Finding when a double integral is convergent Given is the integral 
$$\iint_{\mathbb{R}^2} \frac{1}{(1+x^2+y^2)^k}\,dx \, dy$$
the question asks for the values of $k$ for which the integral will converge, and in turn find the value which the integral converges to. Using $k=1$ shows that it diverges, but I'm not sure how I should go about finding the values for which it converges. Thanks in advance for any help.
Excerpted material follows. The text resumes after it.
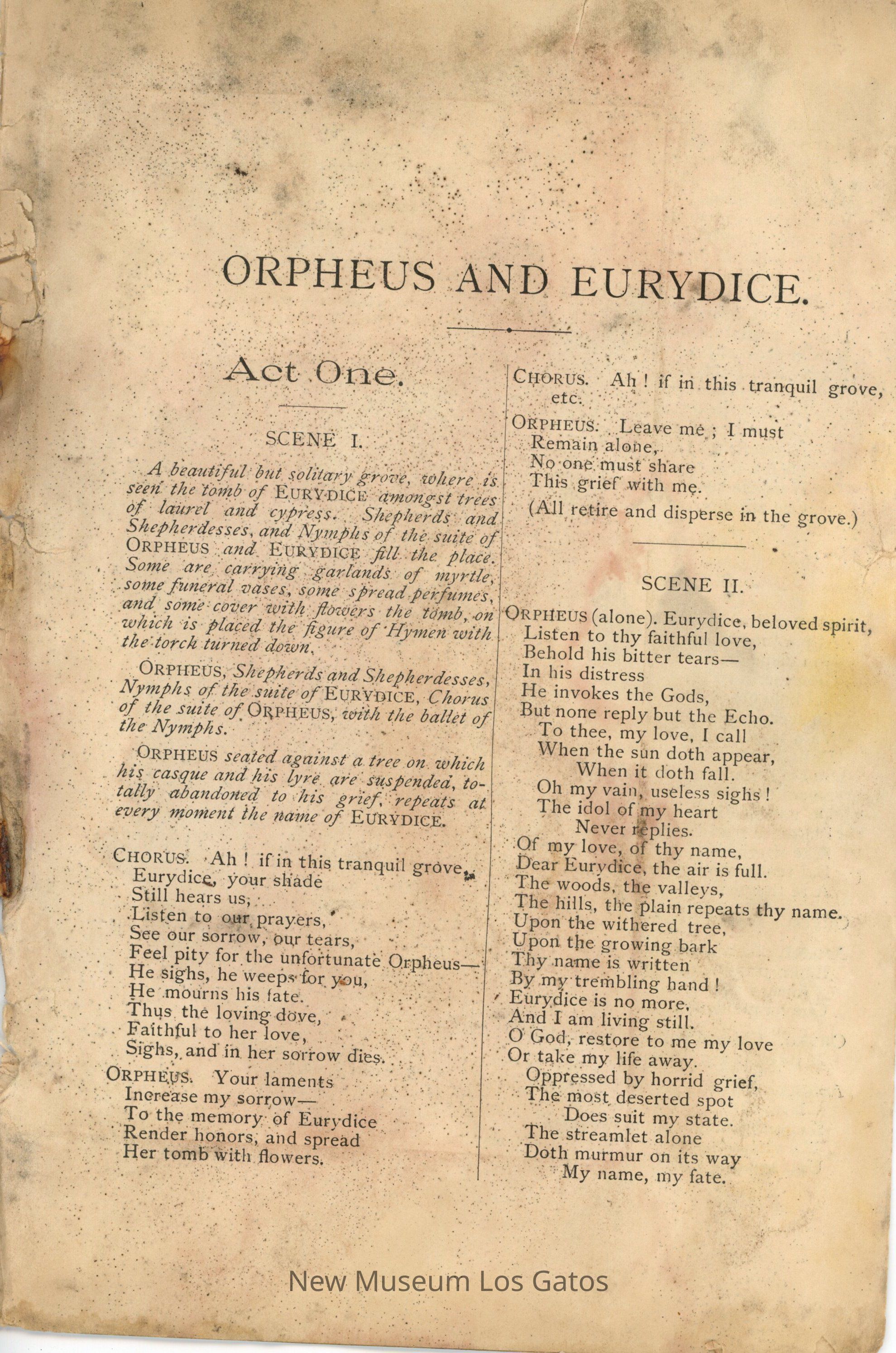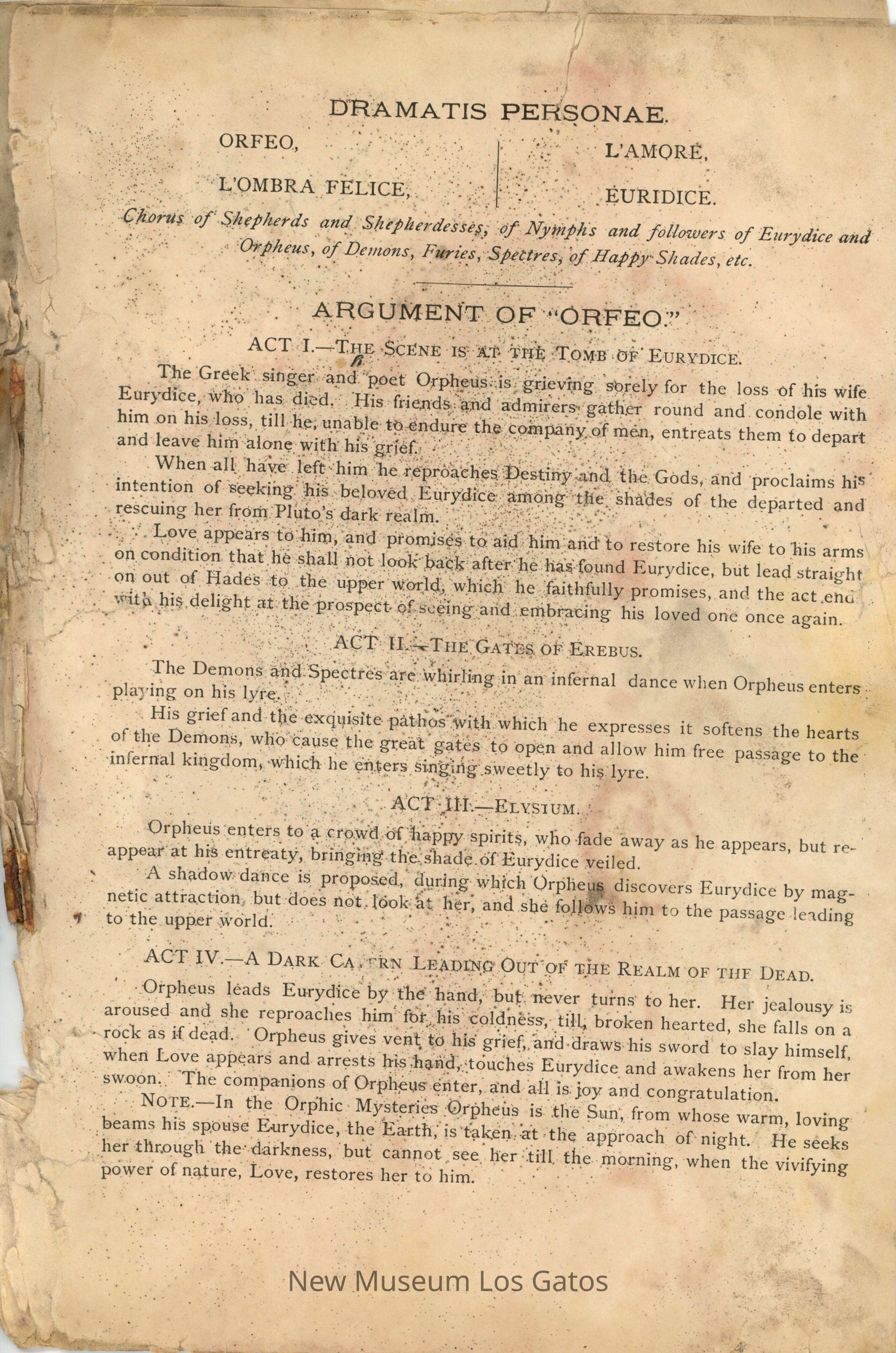 A few pages from a booklet with the script of the opera "Orfeo ed Euridice," by Christoph Willibald Gluck. The booklet is incomplete, with only pages 3-12 are present. The booklet includes the argument, script, and scene settings; in English as well as Italian.Collection

 A: Hint. By changing from cartesian coordinates  to polar ones, we obtain
$$ \iint_{\mathbb{R}^2} \frac{1}{(1+x^2+y^2)^k}\,dx\, dy = \int_{\theta=0}^{2\pi} \int_{r=0}^\infty \frac{1}{(1+r^2)^k}\,r \, dr \, d\theta = 2\pi\int_0^\infty \frac{r}{(1+r^2)^k} \, dr.$$
Now, as $r\to +\infty$,
$$\frac r {(1+r^2)^k}\sim \frac{1}{r^{2k-1}}.$$
So for which $k$ the integral is convergent? 
For such $k$, you should be are able to evaluate the integral by noting that
$$\int \frac{r}{(1+r^2)^k} \, dr=\frac{1}{2}\int (1+r^2)^{-k} d(1+r^2) = \frac{(1+r^2)^{-k+1}}{2(-k+1)}+C.$$
A: As an addendum to Robert Z' answer, 
$$ 2\pi\int_{0}^{+\infty}\frac{r\,dr}{(1+r^2)^k}\stackrel{r\mapsto\tan\theta}{=} 2\pi\int_{0}^{\pi/2}(\sin\theta)\left(\cos\theta\right)^{2k-3}\,d\theta$$
is clearly convergent as soon as $k>1$ and it is a decreasing and log-convex function of the $k$ variable.
It equals $\frac{\pi}{k-1}$.
A: \begin{align}
& \iint\limits_{\mathbb{R}^2} \frac 1 {(1+x^2+y^2)^k}\,dx\, dy = \int_0^{2\pi} \int_0^\infty \frac{1}{(1+r^2)^k}\,r \, dr \, d\theta \\[10pt]
= {} & 2\pi\int_0^\infty \frac{r}{(1+r^2)^k} \, dr = \pi \int_1^\infty \frac{du}{u^k} \qquad (\text{where } u = 1+r^2, \text{ so } du = 2r\,dr).
\end{align}